Proton pump inhibitors (PPIs) have been recommended for many years, both by general practitioners and by gastroenterologists and other specialists. They tend be more widely used in primary health care: a study of the safety and side effects associated with PPIs in the period 2008–2011 identified 10,457 recommendations by primary care physicians, but only 6,181 by specialists [1].
These drugs are generally safe, and various preparations are available at smaller doses without prescription: currently 11 omeprazole medications can be bought over the counter in Poland at doses of 10 and 20 mg. Proton pump inhibitors have a wide range of indicated uses, with omeprazole, esomeprazole (after one year of age), pantoprazole and dexlansoprazole (after 12 years of age) being recommended in the paediatric population; however, rabeprazole and lansoprazole are not approved.
Studies performed over 10 years have confirmed the safety of PPIs in children [2]. They are most commonly prescribed for treating gastroesophageal reflux disease (GERD), with or without inflammation of the oesophagus [1, 3–5]. The guidelines of the North American and the European Society for Pediatric Gastroenterology, Hepatology, and Nutrition list no indicators for invasive diagnostics in children presenting with clear symptoms of reflux before starting PPIs, unless “red flag” symptoms are observed, or if oesophagitis or other symptoms requiring endoscopy of the upper gastrointestinal tract are suspected. It is recommended that PPIs should initially be applied for four to eight weeks in children, excluding infants. If improvement is seen, the course should be continued for another four to eight weeks, while if no improvement is observed, it is suggested that the child should be referred to the gastroenterology department. Proton pump inhibitor treatment should last 12 weeks, and the drug should be taken once daily, 30 minutes before breakfast. All PPIs appear to demonstrate the same level of effectiveness. Additional prokinetic drugs are not recommended [4, 6].
Despite its wide application and safety, PPIs therapy may be accompanied by various side effects, such as headache, constipation, nausea, diarrhoea (including Clostridioides difficile infection), respiratory tract infection, vitamin B12 deficiency, hypomagnesaemia, pathological bone fracture and small intestinal bacterial overgrowth (SIBO). These have been estimated to occur in 14% of cases [5, 7–9], while an analysis of the Dutch PHARMO Database Network found that approximately 2% of children receiving PPIs were hospitalised with side effects [1]. De Bruyne et al. propose that PPIs should be limited to infants and children with GERD or bleeding from the gastrointestinal tract, particularly from the stomach, and recommend that caregivers and patients be informed about their possible adverse effects [5].
Proton pump inhibitors reduce basal and stimulated gastric secretion and inhibit daily gastric acidity, which has a therapeutic effect in conditions such as GERD. However, the resulting increase in pH disturbs the physiological protective barrier, which may lead to the multiplication of an abnormal microbiome in the later sections of the gastrointestinal tract [7, 10–14].

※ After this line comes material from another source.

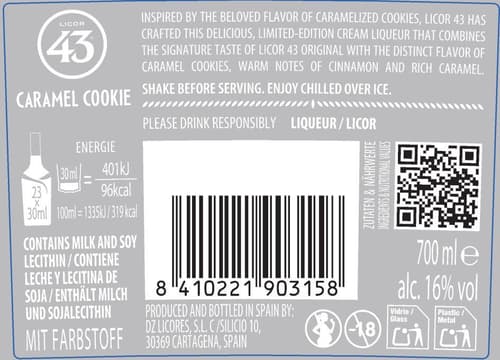 Licor 43 Caramel Cookie ist ein Sahnelikör mit Karamell-Keks-Geschmack und einem Alkoholgehalt von 16 %. Er basiert auf dem klassischen Licor 43 und kombiniert süße Dessertnoten mit cremiger Textur. Die 0,7-Liter-Flasche eignet sich für den puren Genuss, auf Eis oder als Zutat in Mixgetränken und Desserts.

FACTORS INFLUENCING THE GASTROINTESTINAL MICROBIOME

During birth, and immediately afterwards, the digestive tract is colonized with a microbiome. Its composition is influenced by many factors, including type of delivery, the composition of the intestinal flora and genital tract of the mother, feeding method (breastfeeding/formula milk), as well as the stage of maturity of the newborn and the use of antibiotics [7, 15]. Maintaining the homeostasis of the microbiome ensures the correct functioning of physiological mechanisms such as gastrointestinal peristalsis, the levels of bile acids, gastric acid and pancreatic enzymes, and the functioning of the ileocecal valve in later years.
The microbiome of the intestines plays a key role in maintaining the homeostasis of the organism as a whole through complex pathomechanisms influencing the production of vitamins and short-chain fatty acids, regulation of lipid metabolism and gene expression, maintenance of the mucosal barrier, and the functioning of the immune and neurogenic systems. In the intestines, and especially in the colon, the microbiome is abundant and varied, with the number of species ranging from 400 to 1500. Any pathological changes in the composition or functioning of the microbiome may contribute to the development of civilization diseases such as allergies, functional disorders of the digestive tract and inflammatory bowel disease [7, 13, 15–17].
Under physiological conditions, the numbers of bacteria in the stomach and the upper third of the small intestine are typically quite low, i.e. approximately 103 CFU/ml, with the most common genera being Streptococcus, Staphylococcus, Enterococcus, Lactobacillus and Corynebacterium. Bacterial density increases in the lower parts of the gastrointestinal tract, with the highest numbers occurring behind the ileocecal valve (109–1011 CFU/ml) with the dominance of anaerobic bacteria such as Bifidobacterium and Bacteroides, as well as Enterobacteriaceae, Klebsiella and Eubacterium [7, 15].
Any disturbance of this balance in the small intestine, and the development of an abnormal microbiome, may have significant effects on health, both in the form of clinical symptoms (diarrhoea, flatulence, non-specific abdominal pain, increased gas emission, skin changes, oedema) and quantitative deficiencies (loss/lack of weight gain, protein and/or energy malnutrition) as well as qualitative (vitamin A, D, K, B12 deficiency) and growth disorders, anaemia, osteoporosis or polyneuropathy [7, 10–16, 18, 19]. In addition, erythema nodosum, arthritis, visual disturbances and skin trophic changes have also been observed as a consequence of intestinal dysbiosis [15].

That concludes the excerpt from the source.